Significant based on haplo.glm main model (without interactions);

Coef. – regression coefficient, S.E. – standard error. CAD – coronary artery disease, CAD2+3 – CAD with two or three significant occlusions, CAD1 – single vessel disease.

Discussion

Additional factors regulating and mediating inflammatory processes within the arterial vessel wall have remained in the research spotlight and are regarded as factors of primary importance in the promotion of arteriosclerosis (eg, adhesion molecules, including E-selectin which stimulates leukocyte rolling and early atherogenic plaque formation) [2426]. Genetic variants influencing expression of this selectin might significantly alter disease progression [15,27]. In this study, data on the association between the C1901T and the G2692A E-selectin gene polymorphisms and risk of coronary artery disease and its severity in the Polish population is presented. The study group included patients with only a single type of vascular disorder, namely coronary artery disease, in order to maximize the sample’s homogeneity, which is desirable in terms of increasing the strength of association.

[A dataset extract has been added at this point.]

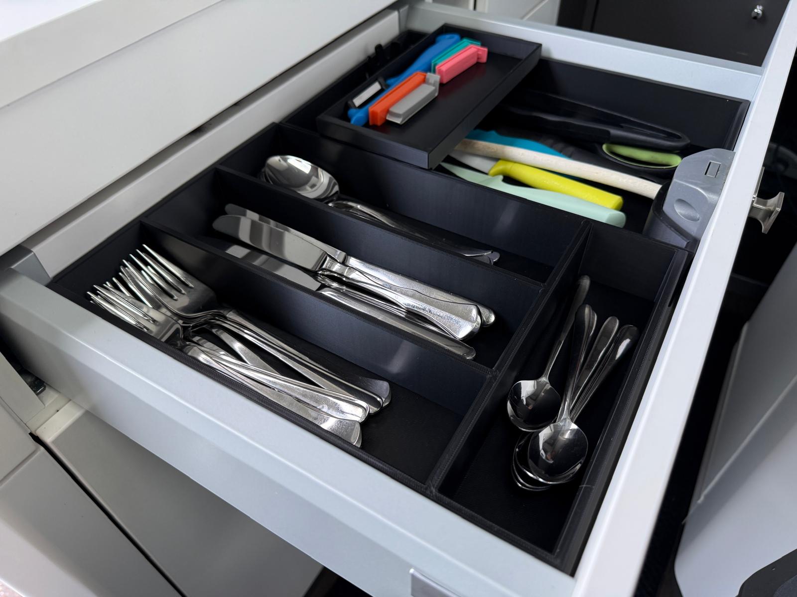 Es handelt sich nicht um ein Massenprodukt aus Spritzguss, sondern um eine gezielt entwickelte Lösung in Kleinserie, die exakt passt, nicht rutscht und im Alltag funktioniert. Das ist der Unterschied zu einem universellen Besteckeinsatz von der Stange.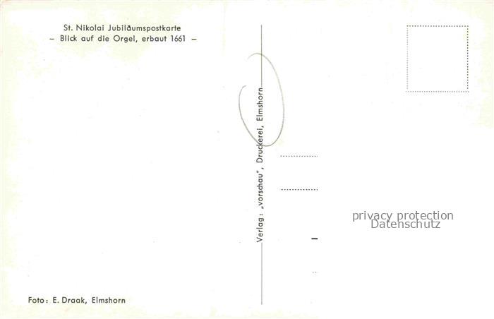 74153366 ELMSHORN Pinneberg Schleswig-Holstein Kirche St. Nikolai Jubilaeumspostkarte Blick auf die Orgel erbaut 1661 postalisch nicht gelaufen Erhaltung siehe scans [FriedD77] KatCode: 11110001056015

It must be noted that for the E-selectin gene, only functional variants have been studied previously (e.g., the A561C). In the Saudi population, an association between A561C polymorphism and CAD was confirmed, while in European Caucasians an increase in early atherosclerosis risk was described [11,12]. A discordant result was obtained by Hamid et al in the Egyptian population, with no association between the E-selectin A561C variant and CAD observed [28]. However the study group was very small, which might have influenced final conclusions. The estimated values of D′ and r in our group were 0.78 and 0.48, respectively, contrasting with the 1 and 0.36 values obtained from HapMap. The fact that our study has managed to dissect out a low frequency haplotype with a protective association with CAD, as well as another giving increased risk, gives some justification to choosing these tagging SNPs, and this could be contrasted with simple analyses of 1 polymorphism (e.g., A561C) in which only 1 increased risk allele was identified.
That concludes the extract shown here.